Figure 11, again, shows that ELS reduces the required number of SDP-CUT iterations (WAC NEWTON* iterations). However, as the size of the constraint matrices becomes large, the computations needed for the exact line search grow. Figure 12 shows the ELS-MAT is the fastest in the range of matrix sizes we tested. Unlike our other experiments, CONSTANT beats ELS-EIG. The reason for this is that the time per iteration of ELS-EIG grows very rapidly as is seen in Figure 13. This occurs because the computation of eigenvalues becomes increasingly difficult as the matrix grows in size.

ELS appears to be the best implementation of SDP-CUT. ELS is very effective in reducing the number of WAC NEWTON* iterations needed. ELS-MAT outperformed ELS-EIG in general. The eigenvalues allow for fast computation of the gradient and Hessian of 𝑔(𝛼) once the eigenvalues are obtained (see (3.12) and (3.13)). However, the large cost of computing the eigenvalues outweighs this benefit, especially as the matrices become large. ELS-MAT uses a slower means of computing the gradient and Hessian of 𝑔(𝛼), but has no eigenvalue calculation overhead (see (3.10) and (3.11)). The slowest operation needed is matrix inversion. Matrix inversion becomes harder as the matrices get large, but it scales much better than finding the eigenvalues. It is conceivable that very large matrix situations could arise in which both ELS-EIG and ELS-MAT are too expensive; in this case it may be best to use CONSTANT. We were unable to find any cases in our test problems in which BACKTRACKING was beneficial. From now onwards, SDP-CUT will always refer to SDP-CUT with ELS-MAT implementation.

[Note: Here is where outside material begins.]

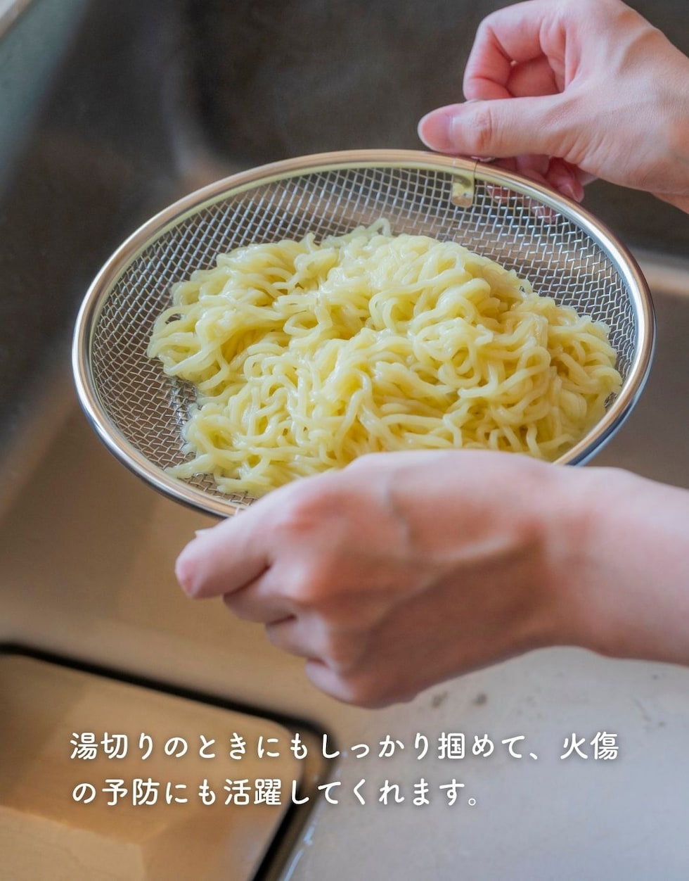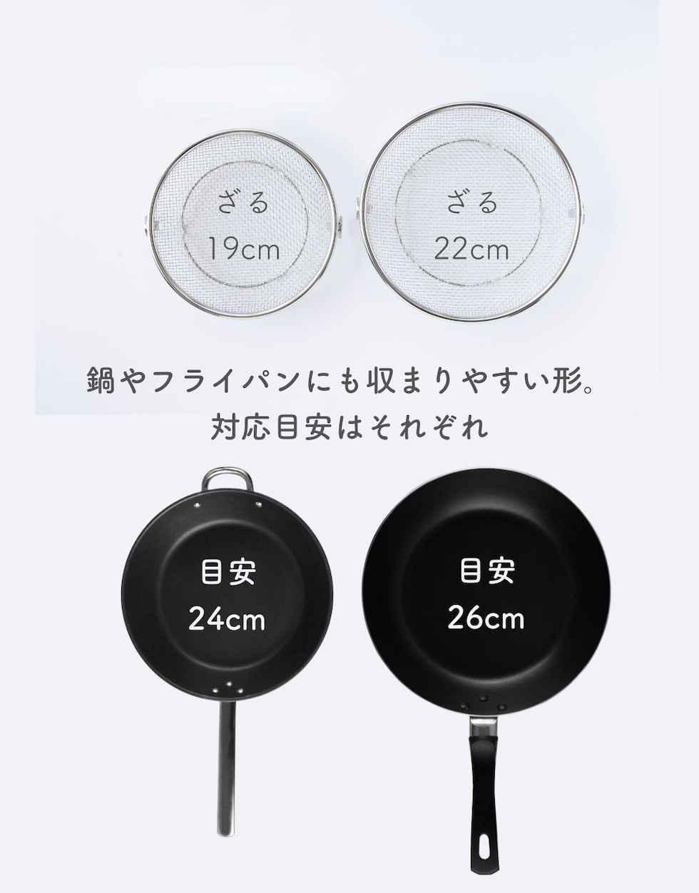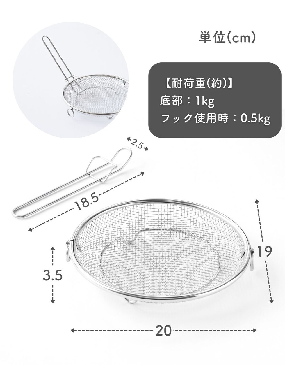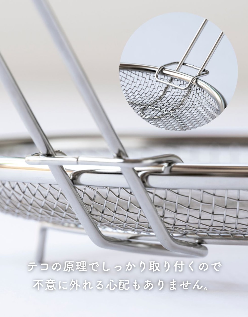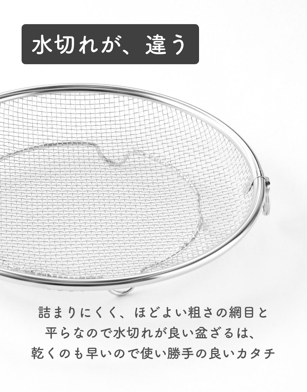 | 商品説明 | ●使う時だけ取っ手を装着する浅型のステンレス製のザル ●便利な持ち上げフック付きで、直接触れずに移動可能 ●取っ手がないから、鍋やフライパンの容量を目いっぱい使える便利設計 ●揚げ物の油切りとしても活躍 ●そのままお皿の中でも収まりが良いので、お皿に移動して食器としてもOK ●シリーズの水切りカゴよりも脚の高さを5mm上げているので、底面が接地しづらく蒸し料理にも最適 ●しっかり振って水切りしたい時も安定する、両サイドリング付き ●吊り下げ収納可能 ●ステンレス製だから、食洗機で丸洗い可能 |
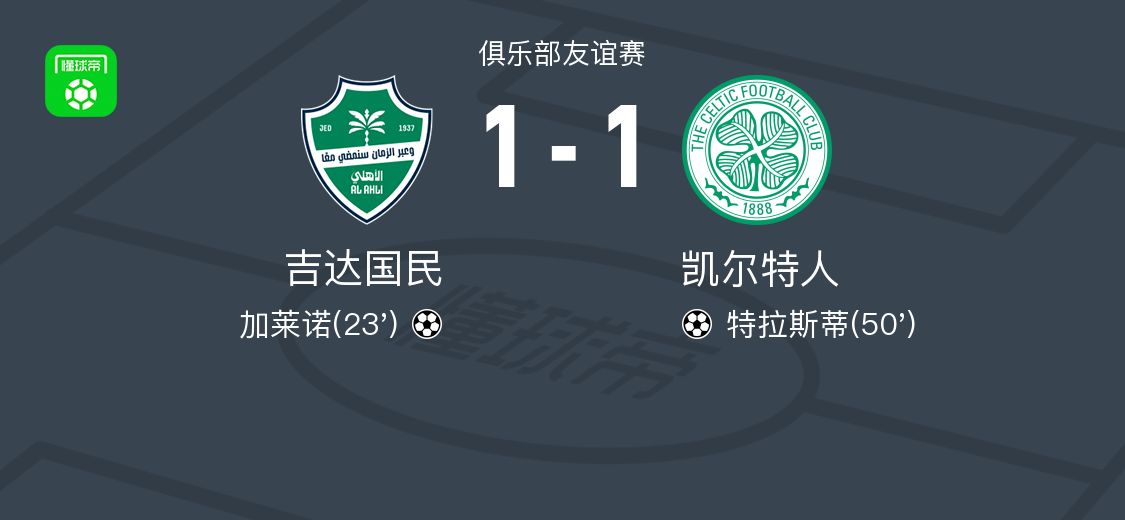 吉達國民1-1凱爾特人,加萊諾首開記錄,特拉斯蒂救主

4.4. Convergence and the Weight 𝑀, Leveling Off Effect

Increasing the weight 𝑀 will decrease the number of SDP-CUT iterations needed to find the optimal solution. A larger weight will also allow us to get closer to the optimal solution. However, if 𝑀 becomes too large, numerical errors will prevent convergence. Here, we will discuss the role 𝑀 plays in the rate of convergence, as well as how large we can make 𝑀 before SDP-CUT fails. Figure 4 graphically demonstrates the convergence of SDP-CUT on our example (SDP (2.3)) as the weight 𝑀 varies.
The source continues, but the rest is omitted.